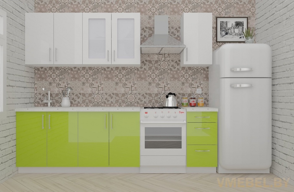 Основные Длина кухни: 200 см Конструкция кухни: линейная Материал каркаса: ЛДСП Эггер Белый базовый 18мм W908 SM Тип фасада: прямой Материал верхних фасадов: Постформинг (пластик) белый Материал нижних фасадов: Постформинг (пластик) лайм яркий Столешница: отдельная на каждый шкаф либо цельная на каждый участок Материал столешницы: Plattan (38 мм) Мрамор марквина белый 3028 (влагозащитная ДСП EGGER с каплеуловителем) Выдвижные ящики: 3 шт. Направляющие: шариковые направляющие полного выдвижения с доводчиками GTV Versalite Петли: Петля накладная с доводчиком GTV PRESTIGE Навесы: Крепление верхних ящиков к стене на регулируемые навесы на монтажную планку, монтажная планка в комплекте Крепление петель к боковине: на евровинтах Конструкция задней стенки: премиум (задняя стенка ящиков вставляется в фрезеруемый в паз) Цоколь: пластиковый белый H-100 Сушка: белая стандарт Ручка: Ручка UA-337 160 мм алюминий
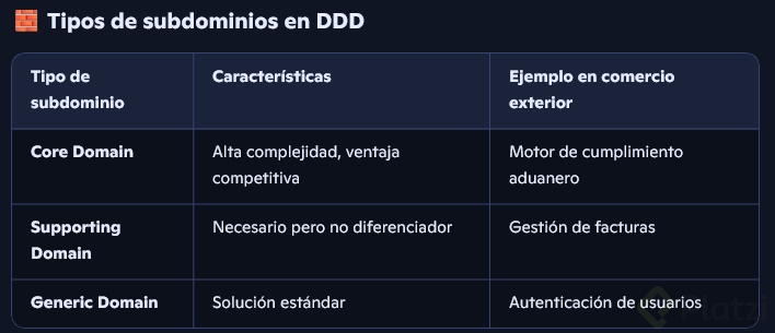 - Domain-driven design: El eje principal es el modelo de dominio, especialmente útil cuando trabajas con superdominios y adaptaciones específicas.
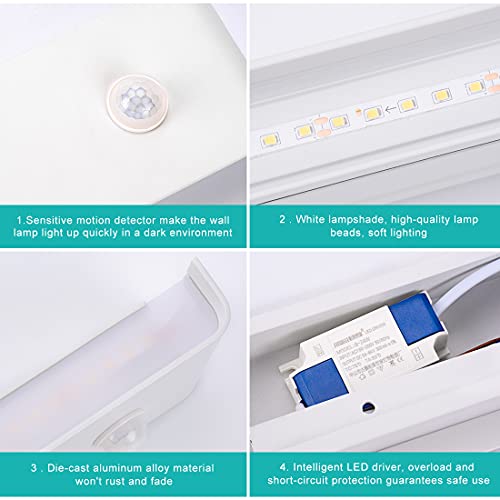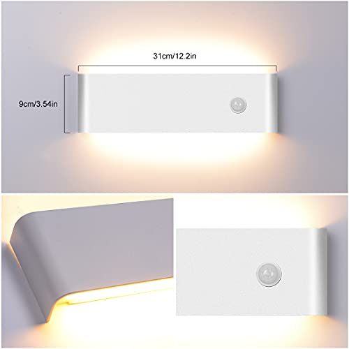 Lampada da parete con sensore di movimento interno 12 W bianco caldo, lampada da parete a LED per interni, in alluminio, lampada interna con sensore di movimento per soggiorno, corridoio, scale
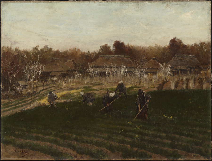 この作品を描いた浅井忠は明治時代に活躍した画家で、日本で最初に設立された官立の美術学校である工部美術学校(こうぶびじゅつがっこう)で西洋画を本格的に学びました。この作品は、農村という題材や褐色を基調にした色彩に、同校で指導をしていたイタリア人画家のアントニオ・フォンタネージからの強い影響がうかがえ、描かれた人物は当時外国人向けに販売されていた写真がもとになっています。題材や色調は浅井がほかから影響を受けた表現ですが、安定感のある構図などは浅井自身の高い技量を示しています。『春畝』は、日本で最初の洋風美術団体である明治美術会の第1回展に出品され、わが国において西洋絵画がいかに成熟したかを示すことになりました。
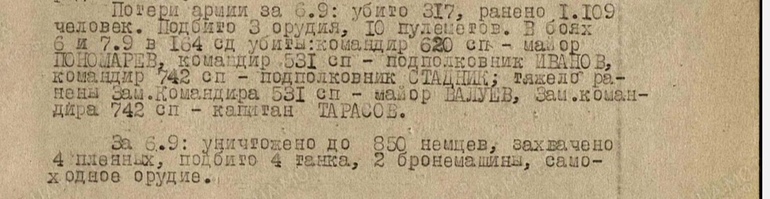 В тот день 10 гв.армия понесла большие потери, погибло 317 человек, из них отмечается большое количество командиров.
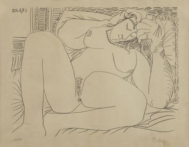 Femme nue, lithographie sur vélin d'Arches, numérotée 45/250, si...
────────────────────────────────────────
__Task to complete__:
Write out exactly, with no pictures, each line from the one containing "この作品を描いた浅井忠は明治" through the last line of the listing above, both included.

__Solution to the exercise__:
 この作品を描いた浅井忠は明治時代に活躍した画家で、日本で最初に設立された官立の美術学校である工部美術学校(こうぶびじゅつがっこう)で西洋画を本格的に学びました。この作品は、農村という題材や褐色を基調にした色彩に、同校で指導をしていたイタリア人画家のアントニオ・フォンタネージからの強い影響がうかがえ、描かれた人物は当時外国人向けに販売されていた写真がもとになっています。題材や色調は浅井がほかから影響を受けた表現ですが、安定感のある構図などは浅井自身の高い技量を示しています。『春畝』は、日本で最初の洋風美術団体である明治美術会の第1回展に出品され、わが国において西洋絵画がいかに成熟したかを示すことになりました。
 В тот день 10 гв.армия понесла большие потери, погибло 317 человек, из них отмечается большое количество командиров.
 Femme nue, lithographie sur vélin d'Arches, numérotée 45/250, si...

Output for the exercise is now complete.